• [WHAT THE EXERCISE ASKS] Write out each entry, exactly the way it appears.
*** EXTRACTED ENTRIES
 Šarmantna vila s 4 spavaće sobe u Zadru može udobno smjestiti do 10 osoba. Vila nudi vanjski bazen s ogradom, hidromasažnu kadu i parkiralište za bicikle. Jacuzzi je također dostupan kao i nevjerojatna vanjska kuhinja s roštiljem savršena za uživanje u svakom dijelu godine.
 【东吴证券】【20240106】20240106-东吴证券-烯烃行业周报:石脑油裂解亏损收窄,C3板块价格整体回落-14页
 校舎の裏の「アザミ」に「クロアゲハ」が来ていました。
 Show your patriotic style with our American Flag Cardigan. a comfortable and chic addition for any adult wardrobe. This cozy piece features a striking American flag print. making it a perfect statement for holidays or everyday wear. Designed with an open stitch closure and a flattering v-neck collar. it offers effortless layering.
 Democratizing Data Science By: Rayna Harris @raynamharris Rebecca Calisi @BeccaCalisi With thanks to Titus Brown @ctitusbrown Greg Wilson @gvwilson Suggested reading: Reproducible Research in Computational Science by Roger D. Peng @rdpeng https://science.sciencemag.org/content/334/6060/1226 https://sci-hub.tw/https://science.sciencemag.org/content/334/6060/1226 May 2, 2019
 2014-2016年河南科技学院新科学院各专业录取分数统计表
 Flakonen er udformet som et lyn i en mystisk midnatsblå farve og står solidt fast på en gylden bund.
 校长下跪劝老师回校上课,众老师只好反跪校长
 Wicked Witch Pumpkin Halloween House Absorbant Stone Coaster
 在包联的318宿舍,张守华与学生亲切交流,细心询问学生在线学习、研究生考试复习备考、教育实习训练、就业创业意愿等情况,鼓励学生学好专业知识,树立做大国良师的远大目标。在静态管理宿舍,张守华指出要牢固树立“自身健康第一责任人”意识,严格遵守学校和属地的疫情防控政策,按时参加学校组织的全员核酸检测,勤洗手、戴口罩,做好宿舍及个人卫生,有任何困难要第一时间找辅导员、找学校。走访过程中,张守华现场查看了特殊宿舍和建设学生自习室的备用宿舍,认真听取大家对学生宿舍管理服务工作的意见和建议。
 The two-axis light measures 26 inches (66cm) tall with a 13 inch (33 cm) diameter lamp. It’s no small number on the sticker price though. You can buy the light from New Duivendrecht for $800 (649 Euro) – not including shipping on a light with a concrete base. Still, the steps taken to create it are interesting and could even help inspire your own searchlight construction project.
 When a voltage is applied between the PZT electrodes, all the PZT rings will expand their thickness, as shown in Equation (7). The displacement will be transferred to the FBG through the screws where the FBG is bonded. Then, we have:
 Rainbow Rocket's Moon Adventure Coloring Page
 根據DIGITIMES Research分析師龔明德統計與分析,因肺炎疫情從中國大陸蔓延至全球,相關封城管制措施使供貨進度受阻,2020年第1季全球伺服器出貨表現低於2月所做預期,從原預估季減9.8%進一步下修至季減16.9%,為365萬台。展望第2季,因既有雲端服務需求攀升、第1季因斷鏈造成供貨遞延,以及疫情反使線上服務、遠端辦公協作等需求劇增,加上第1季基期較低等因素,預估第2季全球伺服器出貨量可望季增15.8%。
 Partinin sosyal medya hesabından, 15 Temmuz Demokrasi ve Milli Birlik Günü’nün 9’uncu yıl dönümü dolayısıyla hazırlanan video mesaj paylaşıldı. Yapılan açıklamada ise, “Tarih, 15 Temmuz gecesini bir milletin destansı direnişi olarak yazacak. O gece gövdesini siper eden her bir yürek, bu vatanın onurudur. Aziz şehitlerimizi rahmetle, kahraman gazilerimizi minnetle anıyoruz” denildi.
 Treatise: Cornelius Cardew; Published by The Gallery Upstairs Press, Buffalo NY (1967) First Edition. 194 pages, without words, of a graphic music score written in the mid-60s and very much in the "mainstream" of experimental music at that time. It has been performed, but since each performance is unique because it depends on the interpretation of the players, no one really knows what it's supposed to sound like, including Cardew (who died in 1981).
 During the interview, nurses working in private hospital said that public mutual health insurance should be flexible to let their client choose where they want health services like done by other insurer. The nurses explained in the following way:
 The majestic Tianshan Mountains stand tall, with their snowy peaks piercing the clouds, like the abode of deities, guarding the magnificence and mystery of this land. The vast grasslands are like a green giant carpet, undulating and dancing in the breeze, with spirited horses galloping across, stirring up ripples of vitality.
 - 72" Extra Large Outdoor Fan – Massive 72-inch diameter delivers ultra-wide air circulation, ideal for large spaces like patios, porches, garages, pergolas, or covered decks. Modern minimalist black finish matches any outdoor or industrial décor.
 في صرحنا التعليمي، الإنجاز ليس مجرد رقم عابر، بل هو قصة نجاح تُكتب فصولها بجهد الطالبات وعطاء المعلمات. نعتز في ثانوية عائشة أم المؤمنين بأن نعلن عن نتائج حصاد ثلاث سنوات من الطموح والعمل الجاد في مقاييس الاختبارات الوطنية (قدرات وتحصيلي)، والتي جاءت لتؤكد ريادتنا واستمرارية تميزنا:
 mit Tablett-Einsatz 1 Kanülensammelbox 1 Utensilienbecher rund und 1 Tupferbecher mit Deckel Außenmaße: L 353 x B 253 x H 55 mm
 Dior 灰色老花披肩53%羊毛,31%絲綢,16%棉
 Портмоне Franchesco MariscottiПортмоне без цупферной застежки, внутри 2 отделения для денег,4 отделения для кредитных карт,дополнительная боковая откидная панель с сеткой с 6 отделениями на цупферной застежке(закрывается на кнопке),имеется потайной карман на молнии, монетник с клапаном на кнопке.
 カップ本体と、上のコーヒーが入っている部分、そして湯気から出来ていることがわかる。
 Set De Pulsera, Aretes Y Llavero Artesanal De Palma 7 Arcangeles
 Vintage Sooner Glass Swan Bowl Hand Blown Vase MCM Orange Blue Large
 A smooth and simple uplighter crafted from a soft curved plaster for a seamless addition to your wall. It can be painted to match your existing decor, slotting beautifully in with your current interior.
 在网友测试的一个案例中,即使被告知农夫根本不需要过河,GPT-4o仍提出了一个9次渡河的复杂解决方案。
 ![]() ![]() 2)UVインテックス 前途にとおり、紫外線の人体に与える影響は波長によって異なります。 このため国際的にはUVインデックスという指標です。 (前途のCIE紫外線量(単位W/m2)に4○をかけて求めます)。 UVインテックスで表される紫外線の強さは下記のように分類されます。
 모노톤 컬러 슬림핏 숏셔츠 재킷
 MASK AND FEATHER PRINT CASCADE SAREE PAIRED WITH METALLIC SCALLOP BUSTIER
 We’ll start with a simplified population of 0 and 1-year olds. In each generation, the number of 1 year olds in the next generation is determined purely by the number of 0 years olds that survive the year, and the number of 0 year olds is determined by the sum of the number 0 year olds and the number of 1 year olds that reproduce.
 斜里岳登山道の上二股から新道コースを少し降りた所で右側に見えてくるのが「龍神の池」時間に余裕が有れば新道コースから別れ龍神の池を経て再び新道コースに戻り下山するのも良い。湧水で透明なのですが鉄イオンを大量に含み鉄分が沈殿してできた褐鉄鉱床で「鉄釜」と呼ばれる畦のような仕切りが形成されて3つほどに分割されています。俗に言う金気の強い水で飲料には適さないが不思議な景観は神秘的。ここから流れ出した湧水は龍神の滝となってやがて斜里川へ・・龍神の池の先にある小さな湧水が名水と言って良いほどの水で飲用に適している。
******
• [ANSWER FOR THE TASK]
 Šarmantna vila s 4 spavaće sobe u Zadru može udobno smjestiti do 10 osoba. Vila nudi vanjski bazen s ogradom, hidromasažnu kadu i parkiralište za bicikle. Jacuzzi je također dostupan kao i nevjerojatna vanjska kuhinja s roštiljem savršena za uživanje u svakom dijelu godine.
 【东吴证券】【20240106】20240106-东吴证券-烯烃行业周报:石脑油裂解亏损收窄,C3板块价格整体回落-14页
 校舎の裏の「アザミ」に「クロアゲハ」が来ていました。
 Show your patriotic style with our American Flag Cardigan. a comfortable and chic addition for any adult wardrobe. This cozy piece features a striking American flag print. making it a perfect statement for holidays or everyday wear. Designed with an open stitch closure and a flattering v-neck collar. it offers effortless layering.
 Democratizing Data Science By: Rayna Harris @raynamharris Rebecca Calisi @BeccaCalisi With thanks to Titus Brown @ctitusbrown Greg Wilson @gvwilson Suggested reading: Reproducible Research in Computational Science by Roger D. Peng @rdpeng https://science.sciencemag.org/content/334/6060/1226 https://sci-hub.tw/https://science.sciencemag.org/content/334/6060/1226 May 2, 2019
 2014-2016年河南科技学院新科学院各专业录取分数统计表
 Flakonen er udformet som et lyn i en mystisk midnatsblå farve og står solidt fast på en gylden bund.
 校长下跪劝老师回校上课,众老师只好反跪校长
 Wicked Witch Pumpkin Halloween House Absorbant Stone Coaster
 在包联的318宿舍,张守华与学生亲切交流,细心询问学生在线学习、研究生考试复习备考、教育实习训练、就业创业意愿等情况,鼓励学生学好专业知识,树立做大国良师的远大目标。在静态管理宿舍,张守华指出要牢固树立“自身健康第一责任人”意识,严格遵守学校和属地的疫情防控政策,按时参加学校组织的全员核酸检测,勤洗手、戴口罩,做好宿舍及个人卫生,有任何困难要第一时间找辅导员、找学校。走访过程中,张守华现场查看了特殊宿舍和建设学生自习室的备用宿舍,认真听取大家对学生宿舍管理服务工作的意见和建议。
 The two-axis light measures 26 inches (66cm) tall with a 13 inch (33 cm) diameter lamp. It’s no small number on the sticker price though. You can buy the light from New Duivendrecht for $800 (649 Euro) – not including shipping on a light with a concrete base. Still, the steps taken to create it are interesting and could even help inspire your own searchlight construction project.
 When a voltage is applied between the PZT electrodes, all the PZT rings will expand their thickness, as shown in Equation (7). The displacement will be transferred to the FBG through the screws where the FBG is bonded. Then, we have:
 Rainbow Rocket's Moon Adventure Coloring Page
 根據DIGITIMES Research分析師龔明德統計與分析,因肺炎疫情從中國大陸蔓延至全球,相關封城管制措施使供貨進度受阻,2020年第1季全球伺服器出貨表現低於2月所做預期,從原預估季減9.8%進一步下修至季減16.9%,為365萬台。展望第2季,因既有雲端服務需求攀升、第1季因斷鏈造成供貨遞延,以及疫情反使線上服務、遠端辦公協作等需求劇增,加上第1季基期較低等因素,預估第2季全球伺服器出貨量可望季增15.8%。
 Partinin sosyal medya hesabından, 15 Temmuz Demokrasi ve Milli Birlik Günü’nün 9’uncu yıl dönümü dolayısıyla hazırlanan video mesaj paylaşıldı. Yapılan açıklamada ise, “Tarih, 15 Temmuz gecesini bir milletin destansı direnişi olarak yazacak. O gece gövdesini siper eden her bir yürek, bu vatanın onurudur. Aziz şehitlerimizi rahmetle, kahraman gazilerimizi minnetle anıyoruz” denildi.
 Treatise: Cornelius Cardew; Published by The Gallery Upstairs Press, Buffalo NY (1967) First Edition. 194 pages, without words, of a graphic music score written in the mid-60s and very much in the "mainstream" of experimental music at that time. It has been performed, but since each performance is unique because it depends on the interpretation of the players, no one really knows what it's supposed to sound like, including Cardew (who died in 1981).
 During the interview, nurses working in private hospital said that public mutual health insurance should be flexible to let their client choose where they want health services like done by other insurer. The nurses explained in the following way:
 The majestic Tianshan Mountains stand tall, with their snowy peaks piercing the clouds, like the abode of deities, guarding the magnificence and mystery of this land. The vast grasslands are like a green giant carpet, undulating and dancing in the breeze, with spirited horses galloping across, stirring up ripples of vitality.
 - 72" Extra Large Outdoor Fan – Massive 72-inch diameter delivers ultra-wide air circulation, ideal for large spaces like patios, porches, garages, pergolas, or covered decks. Modern minimalist black finish matches any outdoor or industrial décor.
 في صرحنا التعليمي، الإنجاز ليس مجرد رقم عابر، بل هو قصة نجاح تُكتب فصولها بجهد الطالبات وعطاء المعلمات. نعتز في ثانوية عائشة أم المؤمنين بأن نعلن عن نتائج حصاد ثلاث سنوات من الطموح والعمل الجاد في مقاييس الاختبارات الوطنية (قدرات وتحصيلي)، والتي جاءت لتؤكد ريادتنا واستمرارية تميزنا:
 mit Tablett-Einsatz 1 Kanülensammelbox 1 Utensilienbecher rund und 1 Tupferbecher mit Deckel Außenmaße: L 353 x B 253 x H 55 mm
 Dior 灰色老花披肩53%羊毛,31%絲綢,16%棉
 Портмоне Franchesco MariscottiПортмоне без цупферной застежки, внутри 2 отделения для денег,4 отделения для кредитных карт,дополнительная боковая откидная панель с сеткой с 6 отделениями на цупферной застежке(закрывается на кнопке),имеется потайной карман на молнии, монетник с клапаном на кнопке.
 カップ本体と、上のコーヒーが入っている部分、そして湯気から出来ていることがわかる。
 Set De Pulsera, Aretes Y Llavero Artesanal De Palma 7 Arcangeles
 Vintage Sooner Glass Swan Bowl Hand Blown Vase MCM Orange Blue Large
 A smooth and simple uplighter crafted from a soft curved plaster for a seamless addition to your wall. It can be painted to match your existing decor, slotting beautifully in with your current interior.
 在网友测试的一个案例中,即使被告知农夫根本不需要过河,GPT-4o仍提出了一个9次渡河的复杂解决方案。
 ![]() ![]() 2)UVインテックス 前途にとおり、紫外線の人体に与える影響は波長によって異なります。 このため国際的にはUVインデックスという指標です。 (前途のCIE紫外線量(単位W/m2)に4○をかけて求めます)。 UVインテックスで表される紫外線の強さは下記のように分類されます。
 모노톤 컬러 슬림핏 숏셔츠 재킷
 MASK AND FEATHER PRINT CASCADE SAREE PAIRED WITH METALLIC SCALLOP BUSTIER
 We’ll start with a simplified population of 0 and 1-year olds. In each generation, the number of 1 year olds in the next generation is determined purely by the number of 0 years olds that survive the year, and the number of 0 year olds is determined by the sum of the number 0 year olds and the number of 1 year olds that reproduce.
 斜里岳登山道の上二股から新道コースを少し降りた所で右側に見えてくるのが「龍神の池」時間に余裕が有れば新道コースから別れ龍神の池を経て再び新道コースに戻り下山するのも良い。湧水で透明なのですが鉄イオンを大量に含み鉄分が沈殿してできた褐鉄鉱床で「鉄釜」と呼ばれる畦のような仕切りが形成されて3つほどに分割されています。俗に言う金気の強い水で飲料には適さないが不思議な景観は神秘的。ここから流れ出した湧水は龍神の滝となってやがて斜里川へ・・龍神の池の先にある小さな湧水が名水と言って良いほどの水で飲用に適している。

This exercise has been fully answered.